Aging
Sociodemographic Predictors of Poor Vision Among Older Adults: Evidence from the Health and Retirement Study Muxi Zheng* Muxi Zheng Zheng Zheng Zheng Zheng Zheng Zheng Zheng Zheng Department of Epidemiology, Boston University School of Public Health, Boston, MA, USA
Understanding how sociodemographic factors are associated with poor vision is important for informing interventions. Among adults aged 65+ enrolled in the Health and Retirement Study between 1994-2020 (N=25,992), we evaluated associations between sociodemographic characteristics and poor vision. Participants self-reported eyesight (with glasses if they normally use glasses) at biennial interviews; poor vision was defined as self-rated fair or poor including with glasses use. Logistic regression models were used to estimate associations of sociodemographic characteristics (sex, race and ethnicity, education, age, marital status, income, and insurance type) with odds of poor vision. To determine if social factors predict vision accounting for health status, models were adjusted for lifestyle and health conditions variables from the prior interview.

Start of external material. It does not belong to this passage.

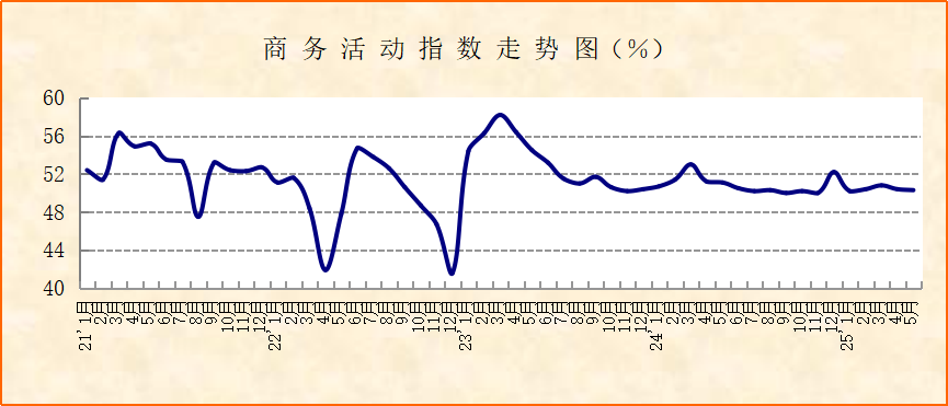 基建及水上運輸活動明顯回升。5月,隨著中美日內瓦經貿會談達成協議,基建相關海外需求和水上運輸相關需求得到釋放,帶動行業活動明顯回升。土木工程建筑業新出口訂單指數升至60%以上,環比升幅明顯,商務活動指數連續2個月上升,升至62%以上,顯示基礎建設相關海外需求集中釋放,并帶動基礎建設相關活動活躍趨升。水上運輸業商務活動指數升至60%以上,新訂單指數和新出口訂單指數均升至50%以上,顯示水上運輸供需活動集中釋放。
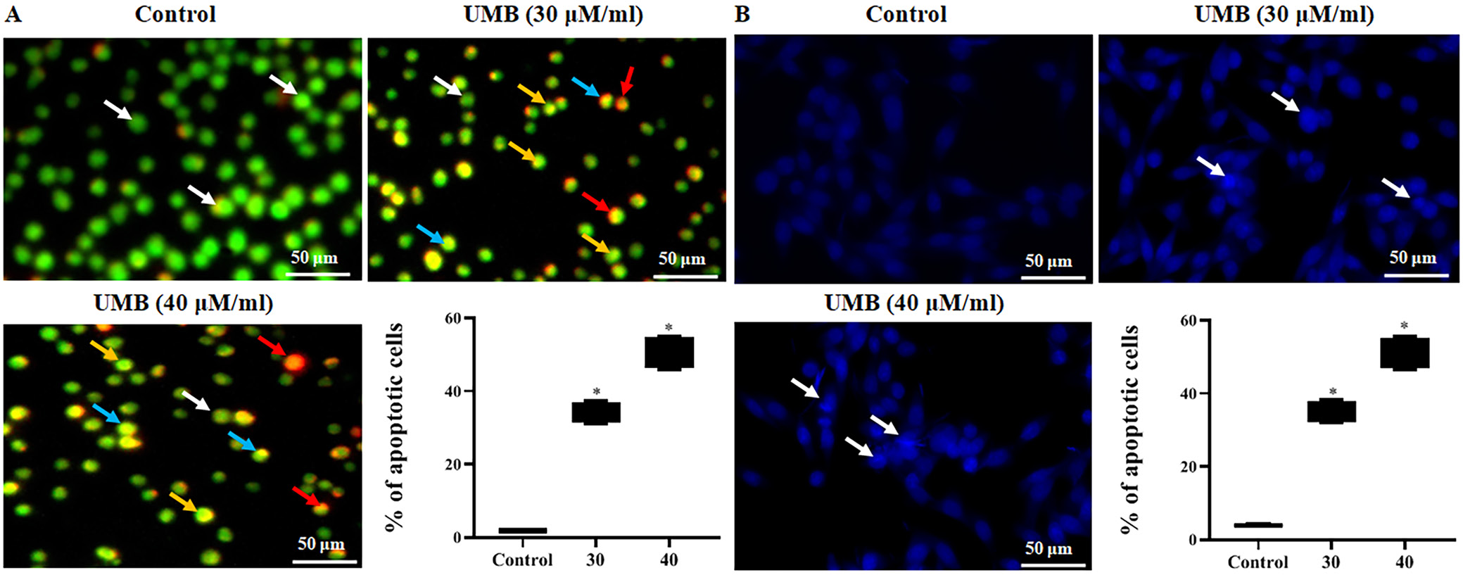 The apoptotic morphology of the human U87 cells after exposure to UMB was evaluated using acridine orange/ethidium bromide (AO/EB) staining.25 Glioblastoma multiforme cells were supplemented with different concentrations of UMB (30 or 40 µM/mL) and kept for 1 day. The UMB-supplemented and control cells were treated with an AO/EB (100 µg/mL each dye) mixture. All groups were kept in the dark at room temperature for 20 min, ensuring unattached dye was separated using PBS and detected using a fluorescence microscope (model BX51; Olympus Corp., Tokyo, Japan).

Participants had a mean age of 74.6 years. Females had higher odds of poor vision than males (OR=1.04, 95% CI: 1.01-1.07). Older age was associated with higher odds of poor vision (OR=1.03, 95% CI: 1.03-1.04). Black participants had higher odds of poor vision (OR=1.36, 95% CI: 1.31-1.41) compared to White participants, and Hispanic participants had higher odds than Non-Hispanic participants (OR=1.41, 95%CI: 1.34-1.48). Higher education (OR=0.93, 95%CI: 0.92-0.95) and higher income (OR=0.93, 95% CI: 0.93-0.93) were associated with lower odds of poor vision. Separated/divorced (OR=1.15, 95%CI: 1.09-1.21), widowed (OR=1.17, 95%CI: 1.12-1.21), and never married (OR=1.12, 95%CI: 1.03-1.23) individuals had higher odds of poor vision than married individuals. Those with both public and private insurance (OR=0.90, 95%CI: 0.87-0.93) and with only private insurance (OR=0.86, 95% CI: 0.77-0.96) had lower odds of poor vision than those with public insurance only.
Sociodemographics were associated with poor vision. This suggests the need for targeted efforts to improve access to vision care among disadvantaged older adults.